NCAA Tournament appearances
- 2018, 2019

Conference tournament championships
- 2018, 2019

Regular-season conference championships
- NEC: 1999 MAAC: 2018, 2019, 2021

= Monmouth Hawks softball =

College softball team

 For information on all Monmouth University sports, see Monmouth Hawks

The Monmouth Hawks softball team represents Monmouth University in NCAA Division I college softball. The team participates in the Coastal Athletic Association (CAA). From 1984 until 2013, the team was a member of the Northeast Conference (NEC). From 2014 until 2022, the team was a member of the Metro Atlantic Athletic Conference (MAAC). The Hawks are currently led by head coach Shannon Salsburg. The team plays its home games at Monmouth University Softball Park which is located on the college's campus.

==History==
Despite finishing in the top three of the Northeast Conference standings 10 times, the Hawks only managed to win the NEC regular season title once and failed win the conference tournament. After moving to the Metro Atlantic Athletic Conference in 2014, Monmouth found significantly more success by winning the MAAC regular season title three times, doing so in 2018, 2019, and 2021, and winning the conference tournament twice in 2018 and 2019.

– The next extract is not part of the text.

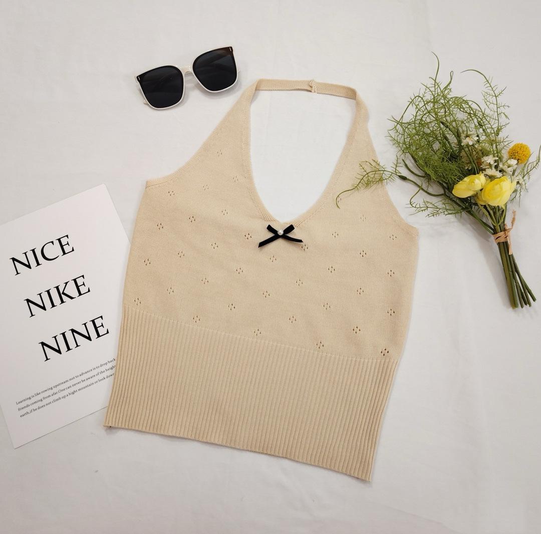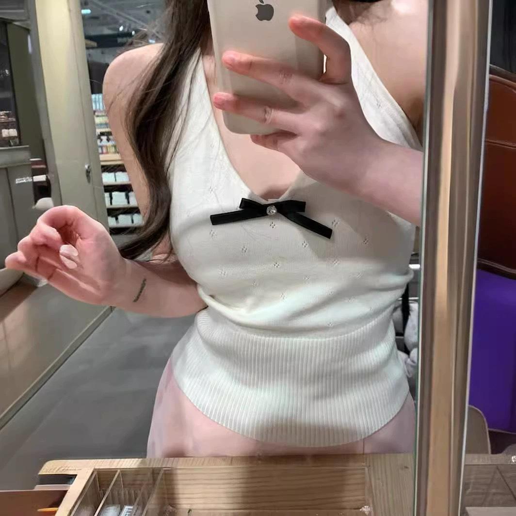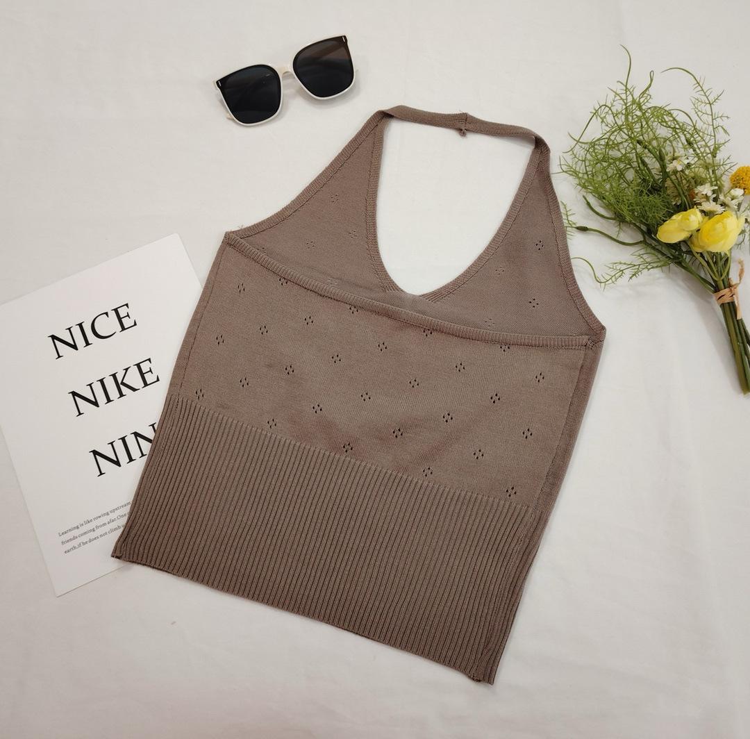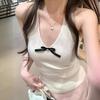 Nuevo 2024 Sexy Cuello en V Tirante Halter Chaleco de Verano Tailandés para Mujer Blanco Ajustado Top Corto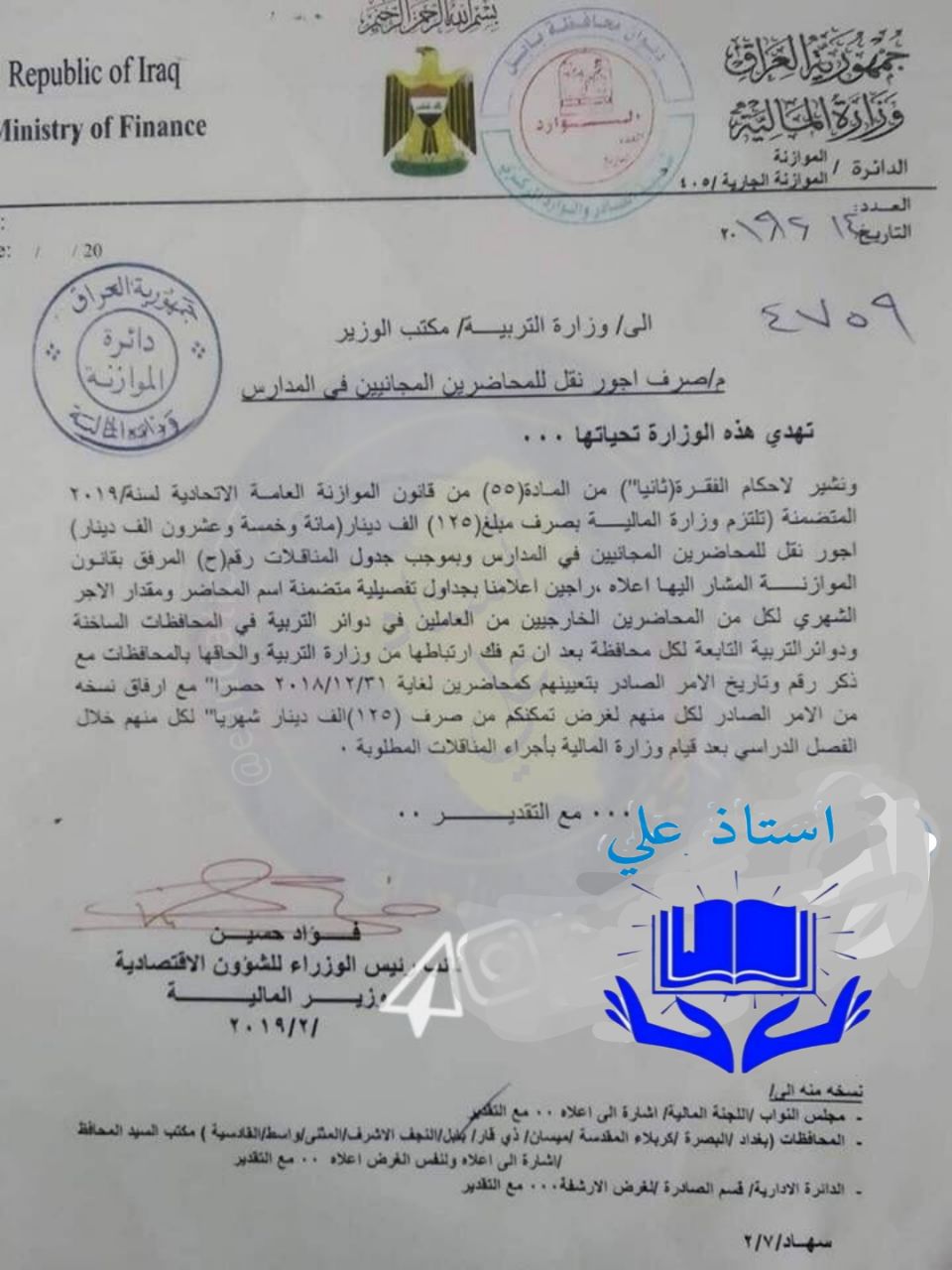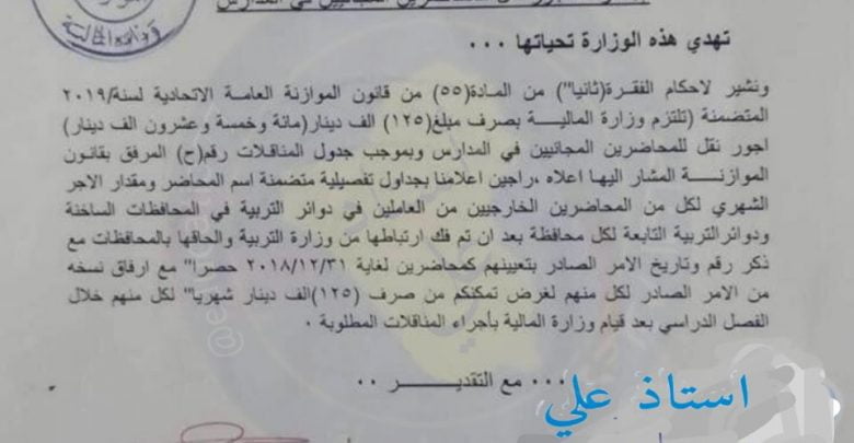 الرئيسية/slide/بالوثيقة : المالية تخاطب وزارة التربية بصرف اجور نقل للمحاضرين المجانيين في المدراس slideالمحلية بالوثيقة : المالية تخاطب وزارة التربية بصرف اجور نقل للمحاضرين المجانيين في المدراس Manager Awla2019-02-23 أقل من دقيقة فيسبوك X واتساب تيلقرام مشاركة عبر البريد Manager Awla2019-02-23 أقل من دقيقة فيسبوك X واتساب تيلقرام مشاركة عبر البريد

The Hawks qualified for the 2018 NCAA Division I softball tournament, the Hawks first ever appearance in the tournament. In their first game of the tournament, they were defeated by Tennessee by a score of 9–0, losing via mercy rule in five innings. They were eliminated from the tournament by Ohio by a score of 4–0, failing to score a run in either game of their first NCAA tournament. Monmouth qualified for their second consecutive NCAA tournament in 2019. They again failed to score a single run in the tournament, losing initially to LSU 2–0 and were eliminated from the tournament by Louisiana Tech by a score of 1–0. The Hawks won their final regular season title in the MAAC in the 2021 season.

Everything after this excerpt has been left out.